_Try it_
Make an exact copy of each entry, leaving out every picture.

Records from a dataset

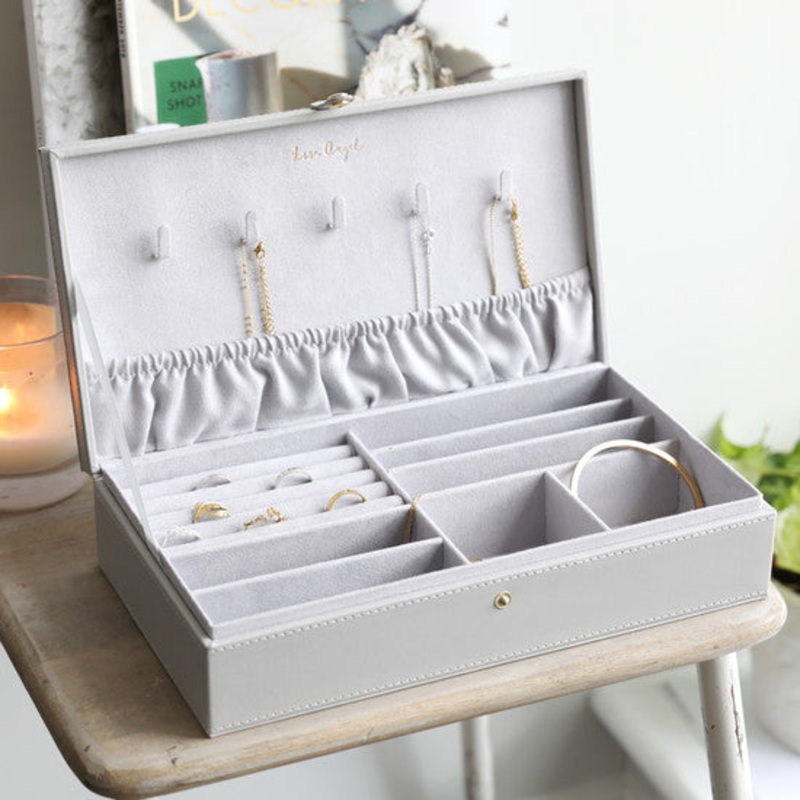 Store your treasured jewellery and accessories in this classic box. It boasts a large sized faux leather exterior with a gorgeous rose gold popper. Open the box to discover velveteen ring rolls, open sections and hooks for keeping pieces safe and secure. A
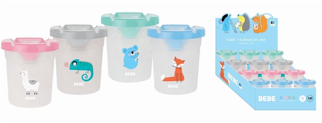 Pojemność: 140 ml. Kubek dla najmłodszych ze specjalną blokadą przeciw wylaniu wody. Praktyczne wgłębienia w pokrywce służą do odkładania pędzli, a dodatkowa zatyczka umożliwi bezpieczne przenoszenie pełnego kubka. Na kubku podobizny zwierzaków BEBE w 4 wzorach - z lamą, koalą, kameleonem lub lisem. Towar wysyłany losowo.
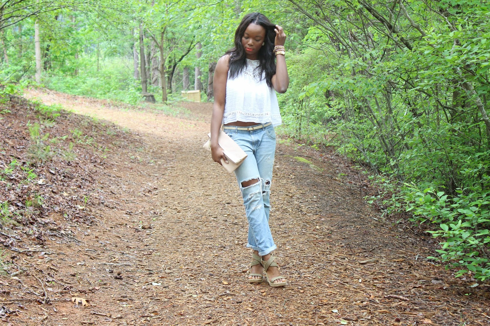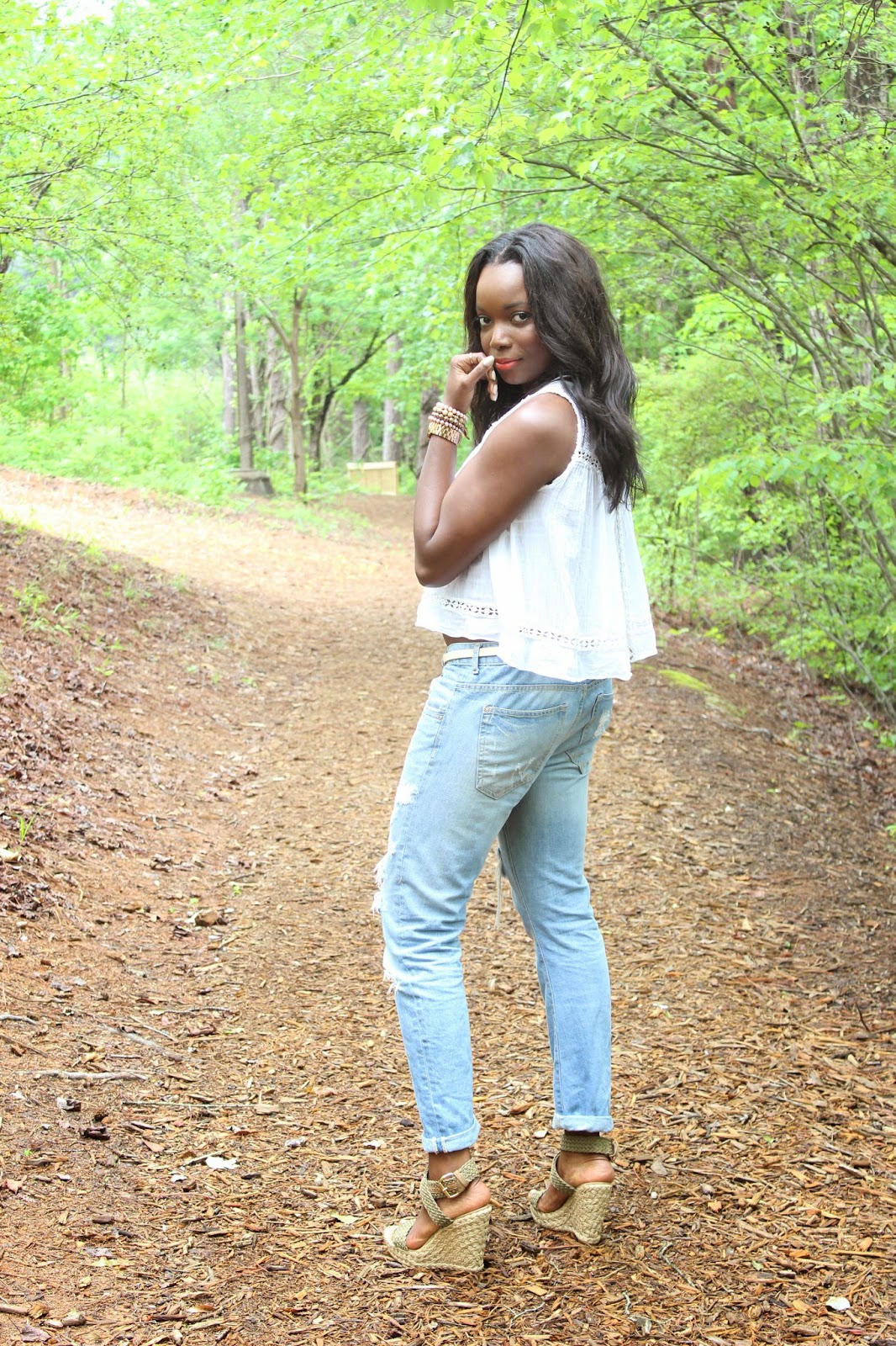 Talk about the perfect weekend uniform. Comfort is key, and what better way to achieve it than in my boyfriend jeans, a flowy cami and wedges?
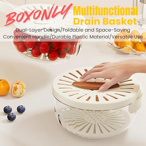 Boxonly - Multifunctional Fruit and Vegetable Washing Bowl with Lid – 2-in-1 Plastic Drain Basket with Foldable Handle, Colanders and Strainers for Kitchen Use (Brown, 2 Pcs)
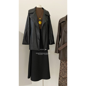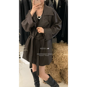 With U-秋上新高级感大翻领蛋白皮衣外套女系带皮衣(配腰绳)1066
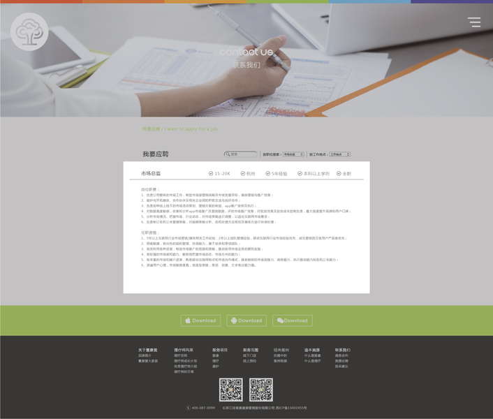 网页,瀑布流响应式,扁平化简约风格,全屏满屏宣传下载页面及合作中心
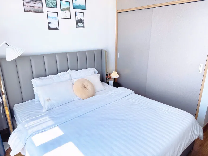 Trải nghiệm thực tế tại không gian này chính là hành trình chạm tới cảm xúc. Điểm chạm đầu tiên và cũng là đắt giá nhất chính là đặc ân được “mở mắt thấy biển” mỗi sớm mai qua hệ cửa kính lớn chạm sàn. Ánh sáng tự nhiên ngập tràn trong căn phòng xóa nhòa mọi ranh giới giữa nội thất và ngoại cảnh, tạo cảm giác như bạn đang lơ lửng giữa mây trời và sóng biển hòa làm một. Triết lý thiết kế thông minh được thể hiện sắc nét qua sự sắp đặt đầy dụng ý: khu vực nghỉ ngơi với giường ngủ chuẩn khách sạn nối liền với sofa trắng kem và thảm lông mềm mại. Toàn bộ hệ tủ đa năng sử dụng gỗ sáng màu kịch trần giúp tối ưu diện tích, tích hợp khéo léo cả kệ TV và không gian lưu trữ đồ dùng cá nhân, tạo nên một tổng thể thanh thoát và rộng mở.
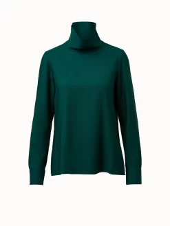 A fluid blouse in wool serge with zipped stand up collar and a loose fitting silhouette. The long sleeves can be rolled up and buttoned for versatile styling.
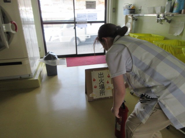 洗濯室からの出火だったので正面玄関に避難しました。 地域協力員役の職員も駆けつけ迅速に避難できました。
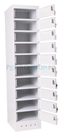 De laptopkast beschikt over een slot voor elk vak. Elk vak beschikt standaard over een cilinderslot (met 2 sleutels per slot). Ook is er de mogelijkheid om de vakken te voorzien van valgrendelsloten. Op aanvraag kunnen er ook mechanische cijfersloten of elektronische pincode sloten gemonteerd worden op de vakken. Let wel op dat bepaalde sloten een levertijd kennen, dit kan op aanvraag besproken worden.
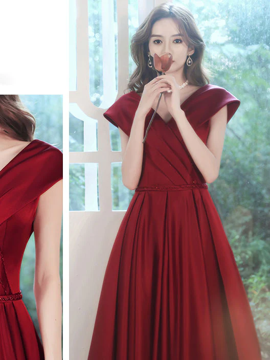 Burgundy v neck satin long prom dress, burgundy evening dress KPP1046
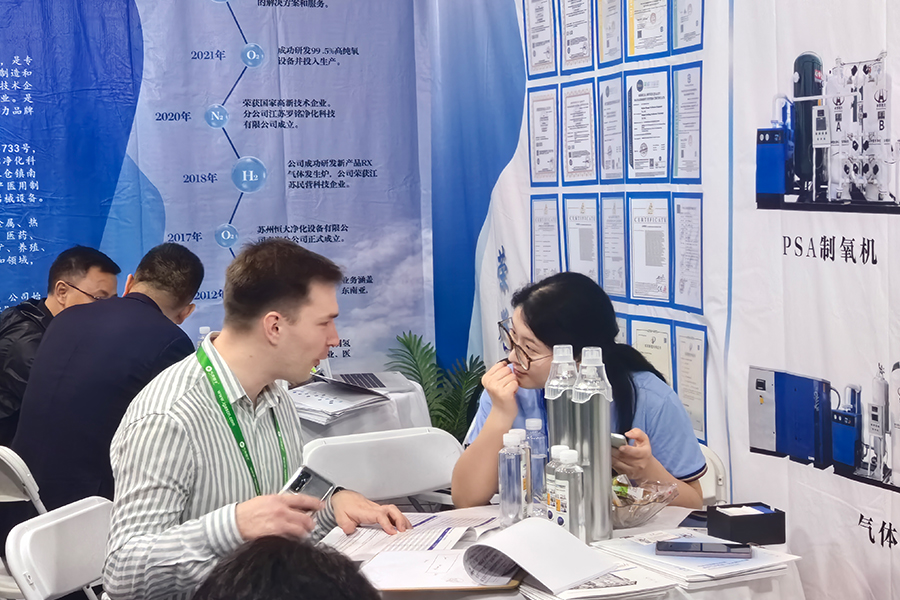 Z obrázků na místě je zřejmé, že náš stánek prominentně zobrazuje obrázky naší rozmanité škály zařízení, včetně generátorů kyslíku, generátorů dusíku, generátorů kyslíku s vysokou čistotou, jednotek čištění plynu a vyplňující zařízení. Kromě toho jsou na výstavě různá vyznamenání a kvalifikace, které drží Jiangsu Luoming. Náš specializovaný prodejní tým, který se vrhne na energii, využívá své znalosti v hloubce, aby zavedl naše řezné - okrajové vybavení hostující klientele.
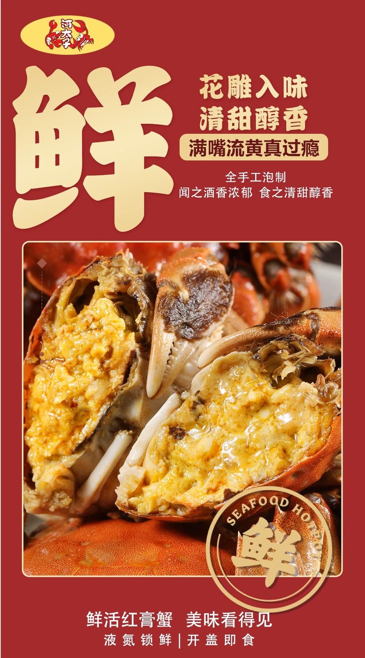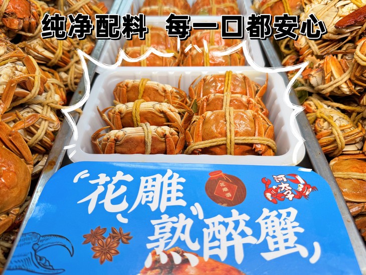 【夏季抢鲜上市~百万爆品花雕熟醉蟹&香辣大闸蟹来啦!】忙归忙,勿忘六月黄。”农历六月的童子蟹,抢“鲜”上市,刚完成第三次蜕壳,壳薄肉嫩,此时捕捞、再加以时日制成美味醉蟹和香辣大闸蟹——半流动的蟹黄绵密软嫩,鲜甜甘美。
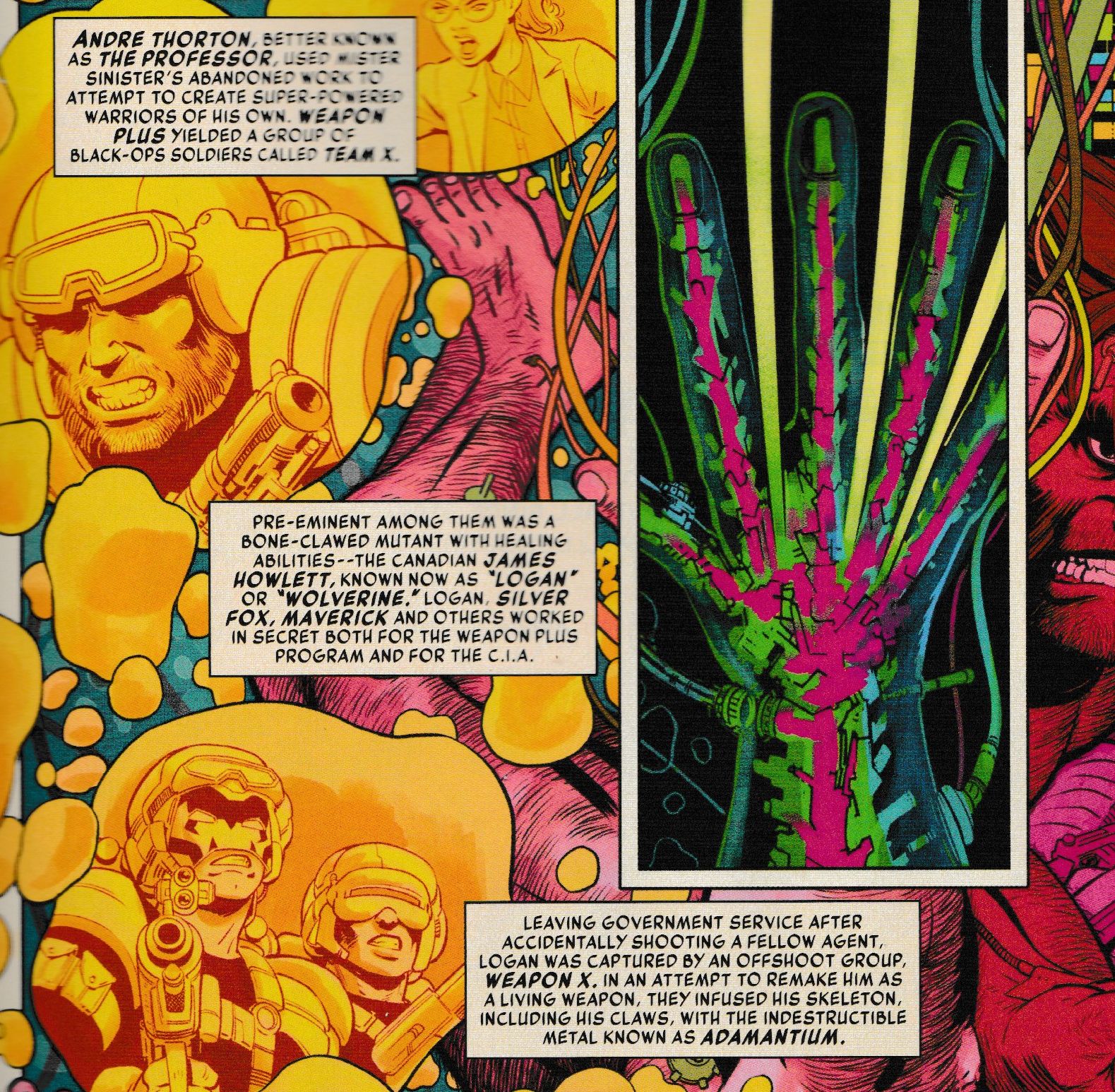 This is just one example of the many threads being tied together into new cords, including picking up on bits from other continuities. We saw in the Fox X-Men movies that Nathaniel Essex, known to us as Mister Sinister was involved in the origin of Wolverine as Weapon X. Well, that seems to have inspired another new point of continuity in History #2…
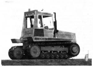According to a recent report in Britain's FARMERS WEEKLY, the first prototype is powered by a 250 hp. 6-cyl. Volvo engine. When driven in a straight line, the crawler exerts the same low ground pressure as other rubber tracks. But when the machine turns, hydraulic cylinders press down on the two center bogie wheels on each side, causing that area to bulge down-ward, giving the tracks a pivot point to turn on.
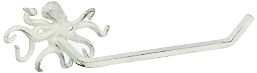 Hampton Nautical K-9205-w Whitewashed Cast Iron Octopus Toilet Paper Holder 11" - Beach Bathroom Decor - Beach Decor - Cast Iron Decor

_Reply_
 Store your treasured jewellery and accessories in this classic box. It boasts a large sized faux leather exterior with a gorgeous rose gold popper. Open the box to discover velveteen ring rolls, open sections and hooks for keeping pieces safe and secure. A
 Pojemność: 140 ml. Kubek dla najmłodszych ze specjalną blokadą przeciw wylaniu wody. Praktyczne wgłębienia w pokrywce służą do odkładania pędzli, a dodatkowa zatyczka umożliwi bezpieczne przenoszenie pełnego kubka. Na kubku podobizny zwierzaków BEBE w 4 wzorach - z lamą, koalą, kameleonem lub lisem. Towar wysyłany losowo.
 Talk about the perfect weekend uniform. Comfort is key, and what better way to achieve it than in my boyfriend jeans, a flowy cami and wedges?
 Boxonly - Multifunctional Fruit and Vegetable Washing Bowl with Lid – 2-in-1 Plastic Drain Basket with Foldable Handle, Colanders and Strainers for Kitchen Use (Brown, 2 Pcs)
 With U-秋上新高级感大翻领蛋白皮衣外套女系带皮衣(配腰绳)1066
 网页,瀑布流响应式,扁平化简约风格,全屏满屏宣传下载页面及合作中心
 Trải nghiệm thực tế tại không gian này chính là hành trình chạm tới cảm xúc. Điểm chạm đầu tiên và cũng là đắt giá nhất chính là đặc ân được “mở mắt thấy biển” mỗi sớm mai qua hệ cửa kính lớn chạm sàn. Ánh sáng tự nhiên ngập tràn trong căn phòng xóa nhòa mọi ranh giới giữa nội thất và ngoại cảnh, tạo cảm giác như bạn đang lơ lửng giữa mây trời và sóng biển hòa làm một. Triết lý thiết kế thông minh được thể hiện sắc nét qua sự sắp đặt đầy dụng ý: khu vực nghỉ ngơi với giường ngủ chuẩn khách sạn nối liền với sofa trắng kem và thảm lông mềm mại. Toàn bộ hệ tủ đa năng sử dụng gỗ sáng màu kịch trần giúp tối ưu diện tích, tích hợp khéo léo cả kệ TV và không gian lưu trữ đồ dùng cá nhân, tạo nên một tổng thể thanh thoát và rộng mở.
 A fluid blouse in wool serge with zipped stand up collar and a loose fitting silhouette. The long sleeves can be rolled up and buttoned for versatile styling.
 洗濯室からの出火だったので正面玄関に避難しました。 地域協力員役の職員も駆けつけ迅速に避難できました。
 De laptopkast beschikt over een slot voor elk vak. Elk vak beschikt standaard over een cilinderslot (met 2 sleutels per slot). Ook is er de mogelijkheid om de vakken te voorzien van valgrendelsloten. Op aanvraag kunnen er ook mechanische cijfersloten of elektronische pincode sloten gemonteerd worden op de vakken. Let wel op dat bepaalde sloten een levertijd kennen, dit kan op aanvraag besproken worden.
 Burgundy v neck satin long prom dress, burgundy evening dress KPP1046
 Z obrázků na místě je zřejmé, že náš stánek prominentně zobrazuje obrázky naší rozmanité škály zařízení, včetně generátorů kyslíku, generátorů dusíku, generátorů kyslíku s vysokou čistotou, jednotek čištění plynu a vyplňující zařízení. Kromě toho jsou na výstavě různá vyznamenání a kvalifikace, které drží Jiangsu Luoming. Náš specializovaný prodejní tým, který se vrhne na energii, využívá své znalosti v hloubce, aby zavedl naše řezné - okrajové vybavení hostující klientele.
 【夏季抢鲜上市~百万爆品花雕熟醉蟹&香辣大闸蟹来啦!】忙归忙,勿忘六月黄。”农历六月的童子蟹,抢“鲜”上市,刚完成第三次蜕壳,壳薄肉嫩,此时捕捞、再加以时日制成美味醉蟹和香辣大闸蟹——半流动的蟹黄绵密软嫩,鲜甜甘美。
 This is just one example of the many threads being tied together into new cords, including picking up on bits from other continuities. We saw in the Fox X-Men movies that Nathaniel Essex, known to us as Mister Sinister was involved in the origin of Wolverine as Weapon X. Well, that seems to have inspired another new point of continuity in History #2…
According to a recent report in Britain's FARMERS WEEKLY, the first prototype is powered by a 250 hp. 6-cyl. Volvo engine. When driven in a straight line, the crawler exerts the same low ground pressure as other rubber tracks. But when the machine turns, hydraulic cylinders press down on the two center bogie wheels on each side, causing that area to bulge down-ward, giving the tracks a pivot point to turn on.
 Hampton Nautical K-9205-w Whitewashed Cast Iron Octopus Toilet Paper Holder 11" - Beach Bathroom Decor - Beach Decor - Cast Iron Decor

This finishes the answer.